Most insects are terrestrial(live on land) The problem for them is water evaporates easily from the surface of their bodies and they can become dehydrated.They therefore need to conserve water. However, efficient gas exchange requires a thin, permeable surface with a large area. These features conflict with the need to conserve water. Overall, as a terrestrial organism, the insect has to balance the opposing needs of exchanging respiratory gases with reducing water loss.
To reduce water loss, terrestrial organisms usually exhibit two features:
- Wateproof coverings - over their body surfaces. in the cases of insects this covering is a rigid outer skeleton that is covered with a waterproof covering.
- Small surface area to volume ration - to minimise the area over which water is lost.
These features mean that insects cannot use their body surface to diffuse respiratory gases in the way single-celled organisms can. Instead they have developed an internal network of tubes called tacheae. The tracheae are supported by strengthened rings to prevent them from collapsing. The tracheae divide into smalled tubes called tracheoles. The tracheoles extend throughout all the body tissues of the insect. In this way atomospheric air, with the oxygen it contains, is brought directly to the respiring tissue
Gas exchange in insects (2)
Respiratory gases move in and out of the tracheal system in two ways:
- Along a diffusion gradient
Gas exchange in fish
Fish have a water-proof, gas-tight outer converin. Being large they have a small surface are to volume ratio. Their body surface is therefore not adequate to supply and remove their respiratory gases and so they have a specialised internal gas exchange surface: the gills
Structure of gills:
- located within th ebody of the fish behind the head
- made up of gill filaments
- the gill filaments are stacked up in a pile
- at right angles to the filaments are the gill lamellae which increase surface area
- water is taken in through the mouth and forced over the gills and out through an opening on each side of the body
- the flow of water over the gill lamellae and the flow of blood within them are in opposite directions - countercurrent flow
The countercurrent exchange principle
The essential feature of the countercurrent exchange system us that the blood and the water that flow over the gill lamellae do so in opposite directions. This arrangement means that:
- Blood that is already well loaded with oxygen meets water which has its maximum concentration of oxygen and diffusion of oxygen from the water to the blood takes place
- Blood with little or no oxygen will meet with water which has had most but not all oxygen removed and again diffusion of oxygen from the water to teh blood takes place
There is a fairly constant rate of diffusion across the entire length of the gill lamellae and about 80% of the oxygen available in the water is absorbed into the blood of the fish. If the flow of blood had been in the same direction as the flow of water the diffusion gradient would only be maintained across part of the length of the gill lamellae and only 50 % of the available oxygen would be absorbed in to the blood
Gas exchange in the leaf of a plant
Like animal cells all plant cells take in oxygen and produce carbon dioxide during respiration. When it comes to fas exchange however plants show one important difference from animals. some plant cells carry out photosynthesis.

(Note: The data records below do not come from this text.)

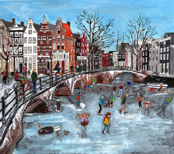 Buy Ice skating on the Amsterdam Canals Christmas Card Folded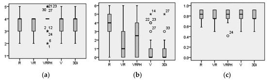 Regarding the sense of presence, the descriptive statistics and box plot are shown in Table 3 and Figure 6b. A statistically significant difference appeared between the experimental conditions when Friedman’s test was applied: Χ2(4) = 40.59, p < 0.001. Conover post hoc tests were used for the pairwise comparison and showed a significant difference between the R vs. VR, R vs. V, R vs. 3Di, VR vs. 3Di, VRPH vs. V, and VRPH vs. 3Di conditions. The adjusted significance levels in Table 6 were calculated by Bonferroni correction.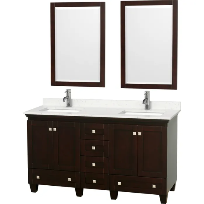 Acclaim 60 Inch Double Bathroom Vanity in Espresso, Light-Vein Carrara Cultured Marble Countertop, Undermount Square Sinks, 24 Inch Mirrors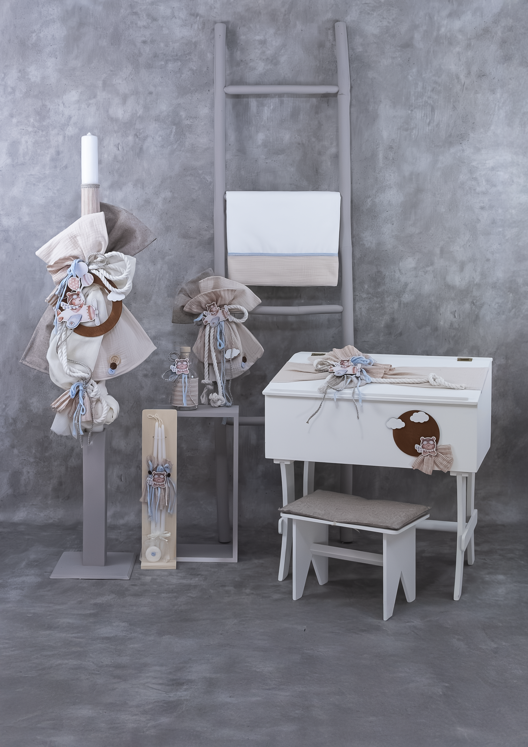 Ολοκληρωμένη πρόταση χειροποίητου βαπτιστικού σετ.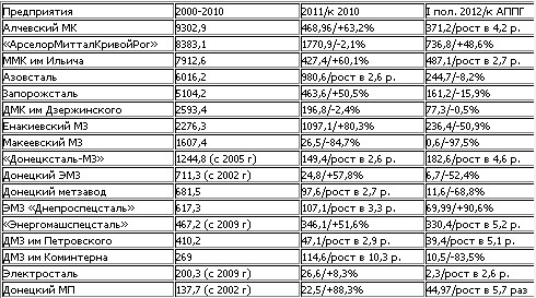 Напомню, в 2011-2012 гг. были выведены из эксплуатации также мартеновские цехи на меткомбинате «Азовсталь» и Донецком метзаводе.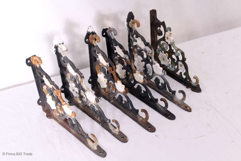6 antike Regalstützen Wandkonsolenstützen Schmiedeeisen Blumenverzierung / Gebrauchsspuren

During photosynthesis, plant cells take in co2 and produce o2. at times the gases produced in one process can be used for other. this reduces the need for gas exchange with the external air. Overall this means that the volumes and types of gases that are being exchange by a plant leaf change. This depends on the balance between the rates of photosynthesis and respiration.
- When photosynthese is taking place, although some co2 comes from respiration of cells, most of it has to be obtained from the external air. in the same way some oxygen from photosyntesis is used in respiration but most of it diffuses out of the plant
- When photosynthesis is not occurring e.e in the dark, o2 diffuses into the leaf because it is constantly being used by cells during respiration. in the same way, carbon dioxide produced druring respiration diffuses out
Stucture of a plant leaf and gas exchange
In some ways gas exchange in plants is not unlike that of insects:
- No living cell is far from the external air and therefore a source of o2 and co2
- diffusion takes place in the gas phase (air) which makes it more rapid than if it were in water
- Overall therefore there is a short fast diffusion pathway. In addition a plant leaf has a very large surface area compared with the volume of living tissue. For these reasons, no specialised transport system is needed for gases, which simply move in and through the plant by diffusion.

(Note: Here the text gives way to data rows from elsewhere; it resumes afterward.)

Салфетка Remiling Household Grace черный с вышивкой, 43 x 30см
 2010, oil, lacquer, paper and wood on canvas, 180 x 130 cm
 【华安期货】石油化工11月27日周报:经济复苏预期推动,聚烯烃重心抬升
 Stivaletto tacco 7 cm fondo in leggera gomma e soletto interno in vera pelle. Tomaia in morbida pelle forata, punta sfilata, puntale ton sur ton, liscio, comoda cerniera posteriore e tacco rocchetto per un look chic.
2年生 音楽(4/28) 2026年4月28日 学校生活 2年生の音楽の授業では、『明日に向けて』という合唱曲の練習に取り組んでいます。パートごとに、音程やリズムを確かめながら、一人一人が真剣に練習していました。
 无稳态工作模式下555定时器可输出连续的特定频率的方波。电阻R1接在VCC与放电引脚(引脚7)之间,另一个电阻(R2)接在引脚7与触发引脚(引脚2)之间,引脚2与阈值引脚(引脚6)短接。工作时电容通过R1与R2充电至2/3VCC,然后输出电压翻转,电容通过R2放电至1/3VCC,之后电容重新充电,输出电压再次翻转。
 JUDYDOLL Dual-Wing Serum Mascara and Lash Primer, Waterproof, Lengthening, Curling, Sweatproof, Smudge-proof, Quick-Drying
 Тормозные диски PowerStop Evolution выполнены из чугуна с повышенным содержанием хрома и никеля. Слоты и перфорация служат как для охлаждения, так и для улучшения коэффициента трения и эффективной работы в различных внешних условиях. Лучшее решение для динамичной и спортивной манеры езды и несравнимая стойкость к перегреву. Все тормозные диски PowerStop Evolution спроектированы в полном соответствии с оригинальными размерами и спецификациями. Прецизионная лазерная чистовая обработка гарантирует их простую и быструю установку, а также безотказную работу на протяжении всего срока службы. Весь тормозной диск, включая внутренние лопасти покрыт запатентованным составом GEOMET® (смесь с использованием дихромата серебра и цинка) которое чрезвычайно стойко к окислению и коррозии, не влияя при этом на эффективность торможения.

Most gaseous exchange occurs in leaves which show the following adaptations for rapid diffusion:
- a thin, flat shape that provides a large surface area
- many small pores called stomate mostly in the lower epidermis
- numerous interconnecting air-spaces that occur throughout the mesophyll
- Stomata are minute pores which occur mainly but not exclusively on the leaves, especially the underside.
- Each stoma (singular) is surrounded by a pair of special cells (guard cells).
- These cells can open and closed the stomatal pore.
- In this way they can control the rate of gaseous exchange.
- This is important because terrestrial organisms lose water by evaporation.
- Plants have to balance the conflicting needs of gas exchange and control of water loss.
- They do this by completely or partly closing stomata at times when water loss would be excessive.
For a detailed diagram of a closed stoma go to http://1.bp.blogspot.com/_oCXP3wyQN9w/SdelXmk9EJI/AAAAAAAABcI/KqxiyDBkxEM/s1600-h/Stomata+Nightime.jpg the image was too large in size to put onto a card
Circulatory system in a mammal
Diffusion is adequate for transport over short distances. The efficient supply of materials over large distances requires a mass transport system.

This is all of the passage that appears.